> **WORK INSTRUCTIONS**
Beginning with the line that contains "13.0″ x 8.75″" and ending with the line that contains "- Featuring a", reproduce the lines of the entries below exactly, omitting pictures.

(Beginning of SUPPLIED INFORMATION)

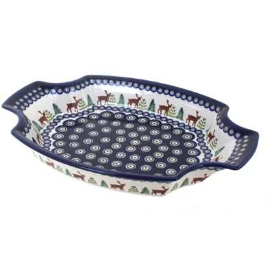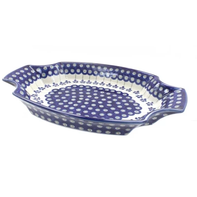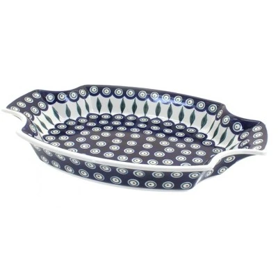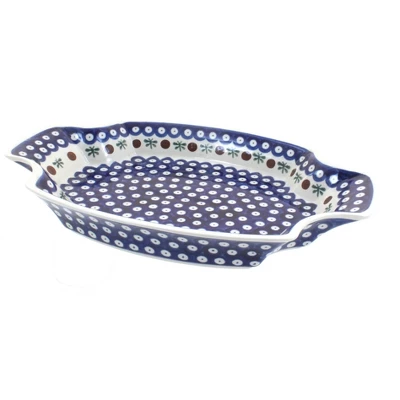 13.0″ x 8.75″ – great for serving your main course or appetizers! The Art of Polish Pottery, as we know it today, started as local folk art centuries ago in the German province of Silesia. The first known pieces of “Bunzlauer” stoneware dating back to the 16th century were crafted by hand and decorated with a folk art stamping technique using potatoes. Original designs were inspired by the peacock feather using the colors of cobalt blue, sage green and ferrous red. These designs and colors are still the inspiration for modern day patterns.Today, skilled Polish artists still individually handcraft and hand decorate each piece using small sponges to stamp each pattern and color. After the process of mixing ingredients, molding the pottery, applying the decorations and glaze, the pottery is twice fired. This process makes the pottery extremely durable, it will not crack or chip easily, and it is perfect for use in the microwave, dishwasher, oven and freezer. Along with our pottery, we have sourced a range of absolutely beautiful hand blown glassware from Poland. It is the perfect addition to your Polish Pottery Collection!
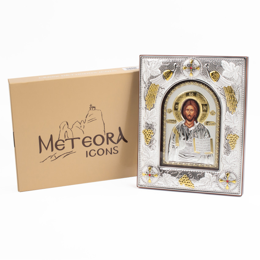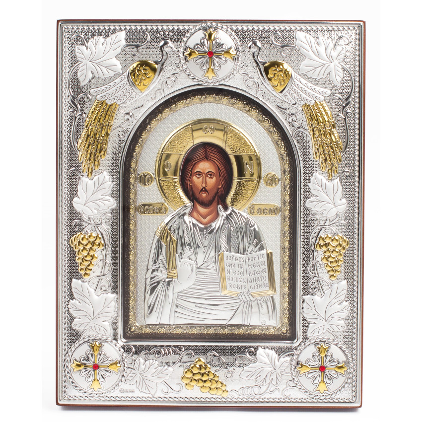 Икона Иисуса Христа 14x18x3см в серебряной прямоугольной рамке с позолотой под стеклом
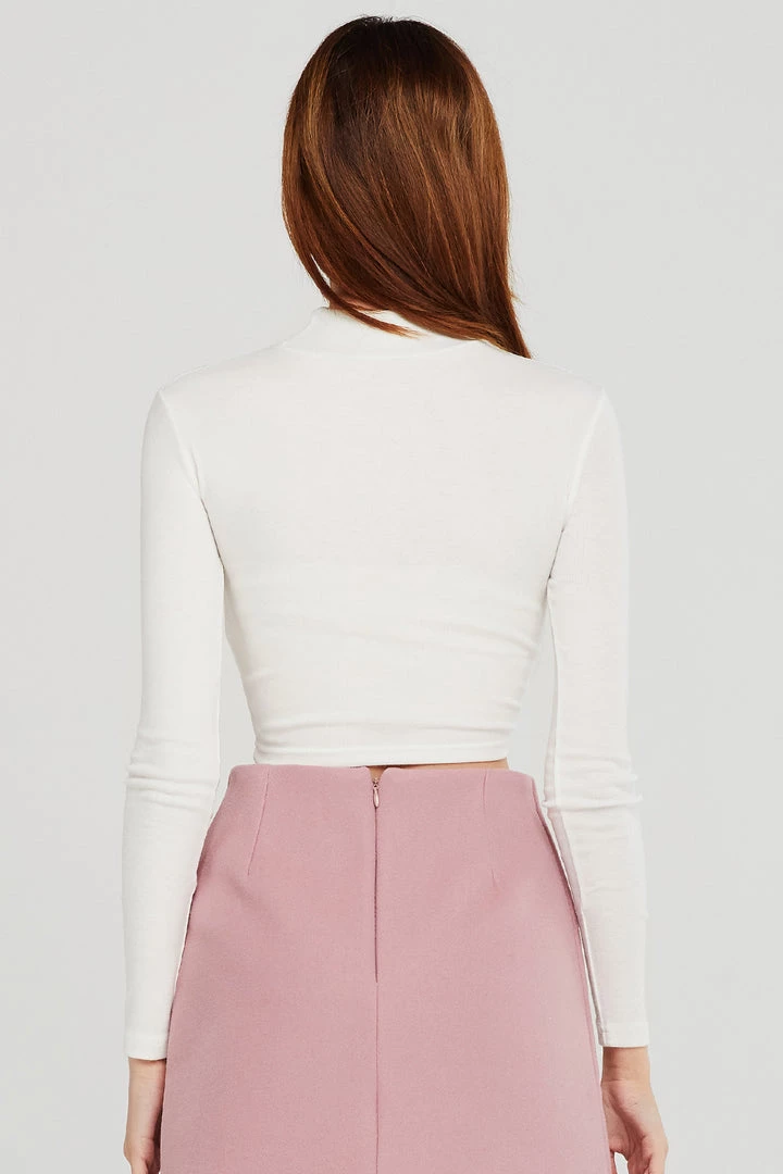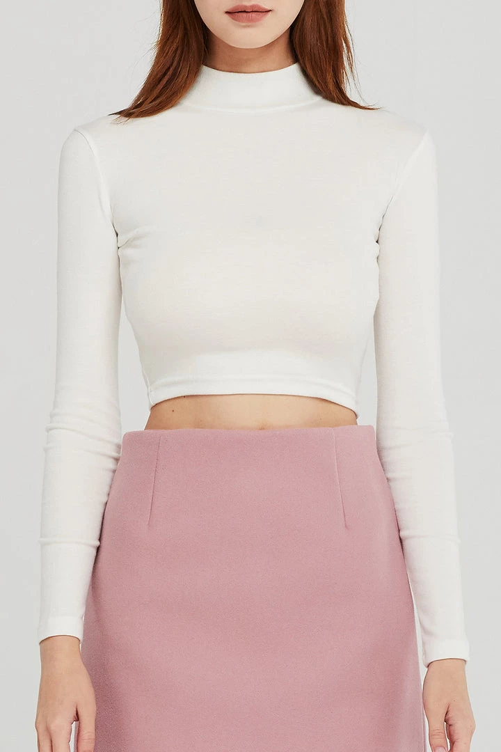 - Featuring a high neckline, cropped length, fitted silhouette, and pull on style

(End of SUPPLIED INFORMATION)
(Beginning of SUPPLIED INFORMATION)

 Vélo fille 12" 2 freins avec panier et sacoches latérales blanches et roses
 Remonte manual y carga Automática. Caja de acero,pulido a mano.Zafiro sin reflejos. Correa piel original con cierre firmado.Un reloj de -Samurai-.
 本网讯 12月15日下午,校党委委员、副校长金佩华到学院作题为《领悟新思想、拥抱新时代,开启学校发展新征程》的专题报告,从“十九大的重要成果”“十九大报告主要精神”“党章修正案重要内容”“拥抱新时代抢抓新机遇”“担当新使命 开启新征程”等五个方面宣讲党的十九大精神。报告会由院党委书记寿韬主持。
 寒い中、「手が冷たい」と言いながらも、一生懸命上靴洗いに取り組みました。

(End of SUPPLIED INFORMATION)

> **WRITTEN ANSWER**
 13.0″ x 8.75″ – great for serving your main course or appetizers! The Art of Polish Pottery, as we know it today, started as local folk art centuries ago in the German province of Silesia. The first known pieces of “Bunzlauer” stoneware dating back to the 16th century were crafted by hand and decorated with a folk art stamping technique using potatoes. Original designs were inspired by the peacock feather using the colors of cobalt blue, sage green and ferrous red. These designs and colors are still the inspiration for modern day patterns.Today, skilled Polish artists still individually handcraft and hand decorate each piece using small sponges to stamp each pattern and color. After the process of mixing ingredients, molding the pottery, applying the decorations and glaze, the pottery is twice fired. This process makes the pottery extremely durable, it will not crack or chip easily, and it is perfect for use in the microwave, dishwasher, oven and freezer. Along with our pottery, we have sourced a range of absolutely beautiful hand blown glassware from Poland. It is the perfect addition to your Polish Pottery Collection!
 Икона Иисуса Христа 14x18x3см в серебряной прямоугольной рамке с позолотой под стеклом
 - Featuring a high neckline, cropped length, fitted silhouette, and pull on style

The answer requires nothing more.